ABOUT THIS TASK: Copy every record below, exactly as written.

[[ RECORDS FOR THIS EXERCISE, beginning ]]

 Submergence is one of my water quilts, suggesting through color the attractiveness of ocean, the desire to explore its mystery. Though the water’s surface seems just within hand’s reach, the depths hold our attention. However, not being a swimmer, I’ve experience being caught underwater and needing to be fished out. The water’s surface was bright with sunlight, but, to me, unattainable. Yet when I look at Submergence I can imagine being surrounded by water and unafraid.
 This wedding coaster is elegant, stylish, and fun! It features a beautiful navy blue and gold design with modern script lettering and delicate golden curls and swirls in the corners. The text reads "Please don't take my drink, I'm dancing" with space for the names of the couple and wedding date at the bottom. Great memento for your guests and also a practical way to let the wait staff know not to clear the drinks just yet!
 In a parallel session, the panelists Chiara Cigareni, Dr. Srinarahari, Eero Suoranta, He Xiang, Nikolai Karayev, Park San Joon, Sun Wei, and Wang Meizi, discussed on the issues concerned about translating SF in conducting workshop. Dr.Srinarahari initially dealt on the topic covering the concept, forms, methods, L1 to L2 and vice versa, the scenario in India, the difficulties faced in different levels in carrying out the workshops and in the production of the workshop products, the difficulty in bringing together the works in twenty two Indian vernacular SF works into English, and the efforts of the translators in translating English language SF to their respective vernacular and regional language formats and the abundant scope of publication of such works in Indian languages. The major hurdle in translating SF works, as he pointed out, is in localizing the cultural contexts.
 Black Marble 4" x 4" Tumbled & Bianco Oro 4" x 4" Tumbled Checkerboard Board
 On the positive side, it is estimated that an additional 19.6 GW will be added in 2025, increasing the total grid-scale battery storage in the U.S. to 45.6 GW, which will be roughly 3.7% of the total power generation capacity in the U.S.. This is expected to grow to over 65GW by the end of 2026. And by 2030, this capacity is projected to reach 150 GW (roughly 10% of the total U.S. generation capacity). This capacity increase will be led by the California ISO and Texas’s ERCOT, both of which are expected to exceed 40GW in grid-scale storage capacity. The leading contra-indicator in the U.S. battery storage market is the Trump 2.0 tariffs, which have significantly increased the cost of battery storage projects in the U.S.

[[ RECORDS FOR THIS EXERCISE, end ]]

YOUR SOLUTION:
 Submergence is one of my water quilts, suggesting through color the attractiveness of ocean, the desire to explore its mystery. Though the water’s surface seems just within hand’s reach, the depths hold our attention. However, not being a swimmer, I’ve experience being caught underwater and needing to be fished out. The water’s surface was bright with sunlight, but, to me, unattainable. Yet when I look at Submergence I can imagine being surrounded by water and unafraid.
 This wedding coaster is elegant, stylish, and fun! It features a beautiful navy blue and gold design with modern script lettering and delicate golden curls and swirls in the corners. The text reads "Please don't take my drink, I'm dancing" with space for the names of the couple and wedding date at the bottom. Great memento for your guests and also a practical way to let the wait staff know not to clear the drinks just yet!
 In a parallel session, the panelists Chiara Cigareni, Dr. Srinarahari, Eero Suoranta, He Xiang, Nikolai Karayev, Park San Joon, Sun Wei, and Wang Meizi, discussed on the issues concerned about translating SF in conducting workshop. Dr.Srinarahari initially dealt on the topic covering the concept, forms, methods, L1 to L2 and vice versa, the scenario in India, the difficulties faced in different levels in carrying out the workshops and in the production of the workshop products, the difficulty in bringing together the works in twenty two Indian vernacular SF works into English, and the efforts of the translators in translating English language SF to their respective vernacular and regional language formats and the abundant scope of publication of such works in Indian languages. The major hurdle in translating SF works, as he pointed out, is in localizing the cultural contexts.
 Black Marble 4" x 4" Tumbled & Bianco Oro 4" x 4" Tumbled Checkerboard Board
 On the positive side, it is estimated that an additional 19.6 GW will be added in 2025, increasing the total grid-scale battery storage in the U.S. to 45.6 GW, which will be roughly 3.7% of the total power generation capacity in the U.S.. This is expected to grow to over 65GW by the end of 2026. And by 2030, this capacity is projected to reach 150 GW (roughly 10% of the total U.S. generation capacity). This capacity increase will be led by the California ISO and Texas’s ERCOT, both of which are expected to exceed 40GW in grid-scale storage capacity. The leading contra-indicator in the U.S. battery storage market is the Trump 2.0 tariffs, which have significantly increased the cost of battery storage projects in the U.S.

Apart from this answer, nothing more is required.